Тем временем Иван и товарищ Серый приплыли в Широкую Здесю. Сойдя на причал, Иван с удовольствием втянул ноздрями воздух родины. Пахло сосновой хвоей и смолой, молодой травой, дымом и скотиной. Три года не был! Волк тоже принюхался, но ничего угрожающего не учуял.

До родительской избы добрались уже в темноте. Это было хорошо для конспирации, соседи уже легли спать и Волка не видели. Да и Ивана им видеть было ни к чему.

Родителей дома не было, они два года тому назад подались на заработки в Сибирь, на деревообрабатывающий комбинат. Иван, не включая Лампочку Ильича (шар со специальным газом внутри, начинает светиться, если стекло потереть сухой тряпочкой), накрыл стол. Поужинали сухарями и тушенкой, нашедшимися в кухонном шкафу. Волк ловко вылизал банку и, сыто отдуваясь, заявил:

— Щас спою!

— Ты что!? Соседи услышат! — всполошился Иван, — Не пой!

— Не могу не петь, луна-то, эвон, какая!

Иван глянул в окошко: луна, действительно, круглая и огромная, висела над лесом тазиком из начищенной меди.

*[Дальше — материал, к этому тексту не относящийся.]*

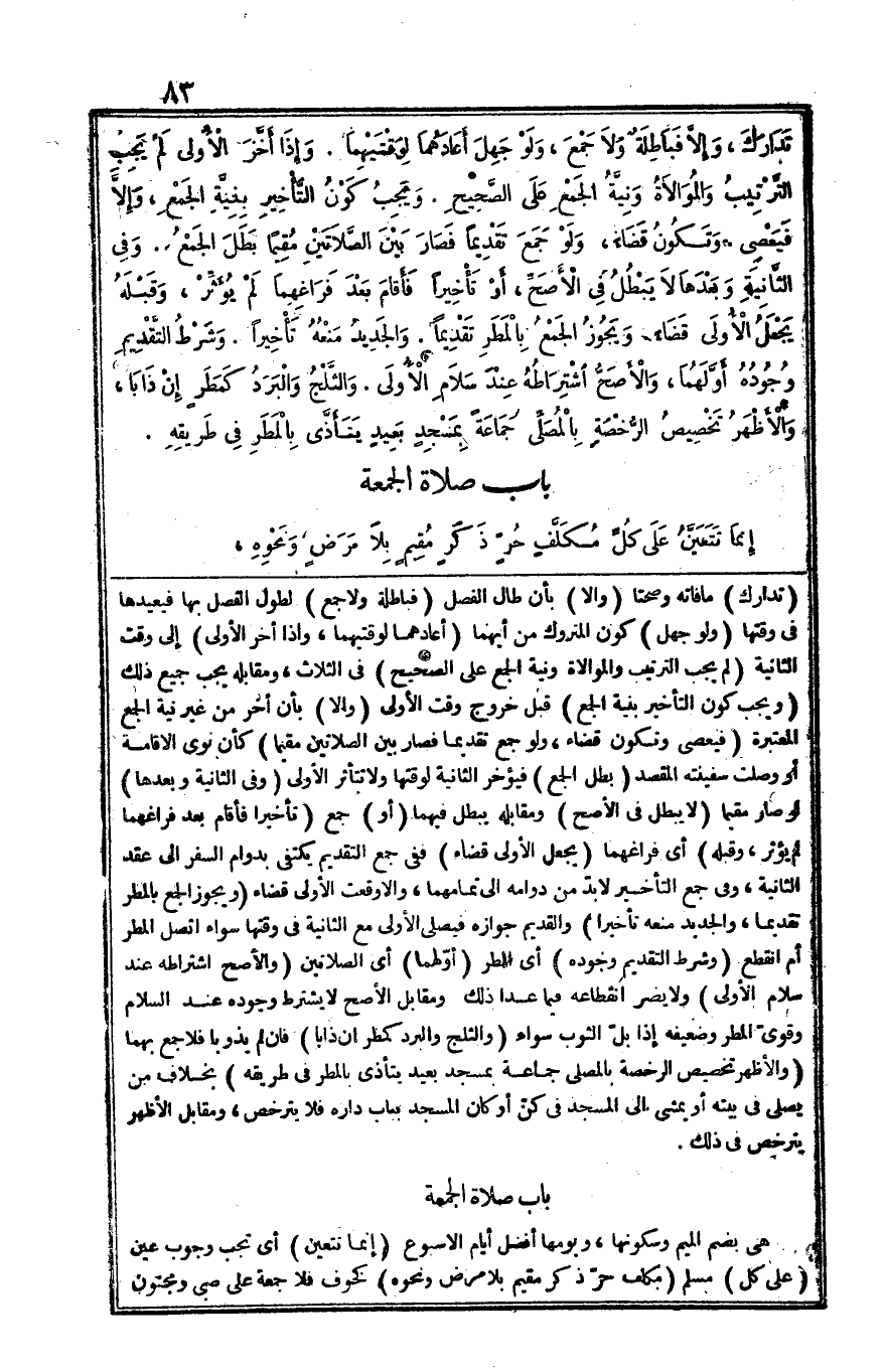 بِخِلَاف من يُصَلِّي فِي بَيته أَو يمشي إِلَى الْمَسْجِد فِي كن أَو كَانَ الْمَسْجِد بِبَاب دَاره فَلَا يترخص وَمُقَابل الْأَظْهر يترخص فِي ذَلِك - صَلَّى اللَّهُ عَلَيْهِ وَسَلَّم َ - بَاب صَلَاة الْجُمُعَة - صَلَّى اللَّهُ عَلَيْهِ وَسَلَّم َ - هِيَ بِضَم الْمِيم وسكونها ويومها أفضل أَيَّام الْأُسْبُوع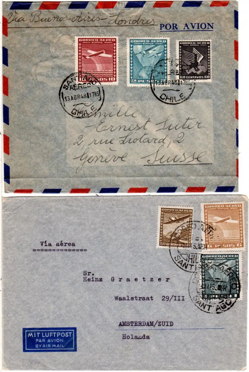 Chile 1948/59, 5 Luftpost Briefe n. Europa, dabei 1 Einschreiben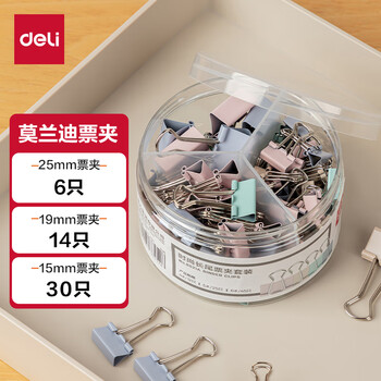 得力(deli)50只莫兰迪色多规格套装 彩色长尾夹/燕尾夹 (25mm6只 19mm14只 15mm30只)/筒8520A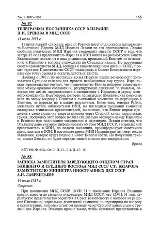 Записка заместителя заведующего отделом стран Ближнего и Среднего Востока МИД СССР С.Т. Базарова заместителю министра иностранных дел СССР А.И. Лаврентьеву. 14 июля 1951 г. // АВП РФ. Ф. 089. Оп. 4. П. 9. Д. 17. Л. 1.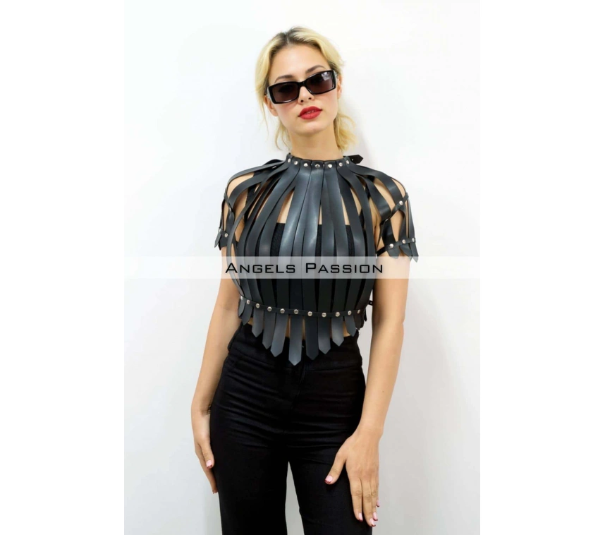 Crop Büstiyer Harness, Deri Göğüs Harness, Gömlek Üzeri Harness - Brf1257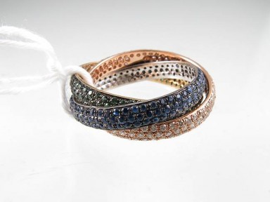 set with diamonds, sapphires and green garnets; 18ct gold. -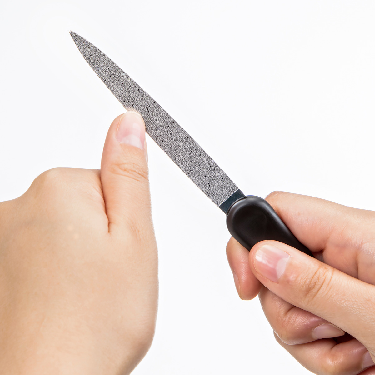 | 材質 | 本体:ステンレス鋼 ヤスリ:クロスカット(三段目立て) ステンレス特殊加工(エッチング) グリップ:エラストマー |
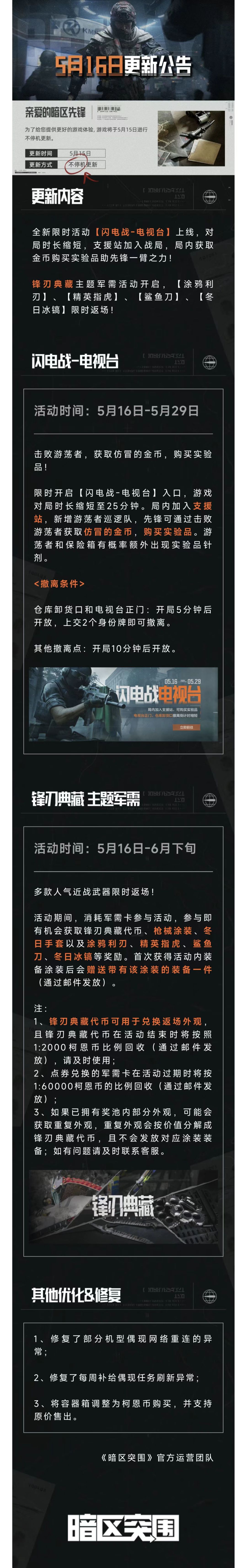 【更新公告】「闪电战-电视台」来袭!人气近战武器限时返场!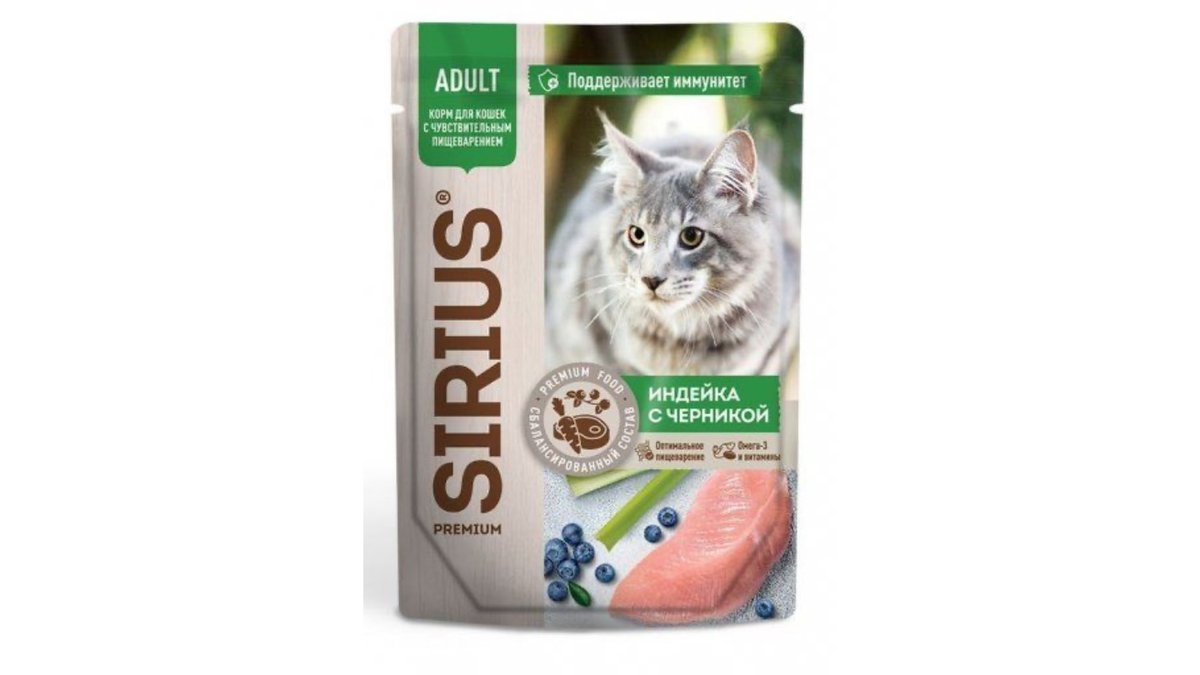 SIRIUS для кошек с чувств пищев Кусочки в соусе "Индейка с черникой"85 г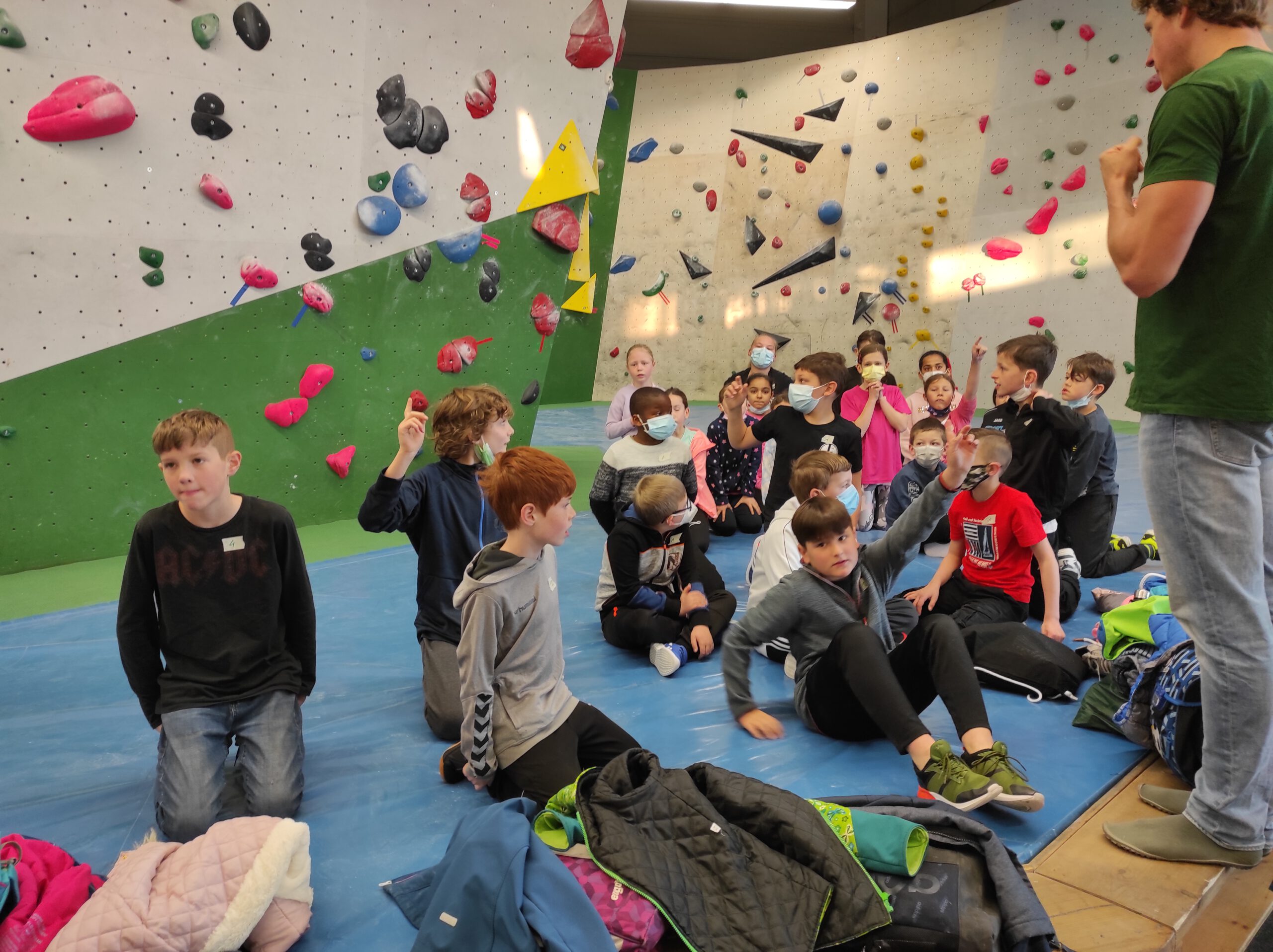 Am 30. März um 8 Uhr gingen wir zur Boulderhalle. Ein Trainer namens Alex hat und alle Regeln erzählt. Dann ging die Aufwärmung los. Nach der Aufwärmung wurden wir in Gruppen geteilt. Ein bisschen später gingen wir schon bouldern. Es hat allen Spaß gemacht. Wir haben noch Kletter-Memory und Kletter-Stein-Schere-Papier gespielt. Das war es dann mit Bouldern.

— Да я тихонечко, вполголоса, — успокоил напарника Волк, — Вот, слушай:

Нэсе Галя воду

Коромысло гнеться.

За нею Иванко

Як барвинок вьеться.

Галю ж моя Галю

Дай воды напиться…

Пел товарищ Серый отлично. Приятным баритоном, хотя и с хрипотцой. Иван украинского не знал, но понимал почти всё. Понравилось необычайно! Когда песня закончилась, он попросил:

— Спой… спойте ещё, пожалуйста!

Волк хитро ухмыльнулся и запел:

Не жалею, не зову не плачу!

Всё прошло, как с белых яблонь дым…

Иван слушал песню на стихи опального Есенина, как завороженный. Откуда? Ведь ни в одной библиотеке его книжки не найдёшь!

— Ты… вы где эту песню выучили?

Волк почесал задней лапой за ухом:

— Жил я у одной учителки… ещё до армии. Богато в хате книжек имелось, штук сто… или двести. Она Есенина каждый раз перед сном читала. Вслух. А то и пела… А вот, послушай эту!

Отговорила роща золотая

Берёзовым весёлым языком…

Необычный концерт длился целый час, пока напарников не потянуло в сон.

Через одну избу от Ивановой свет горел до полуночи: девушке Рогнеде не спалось!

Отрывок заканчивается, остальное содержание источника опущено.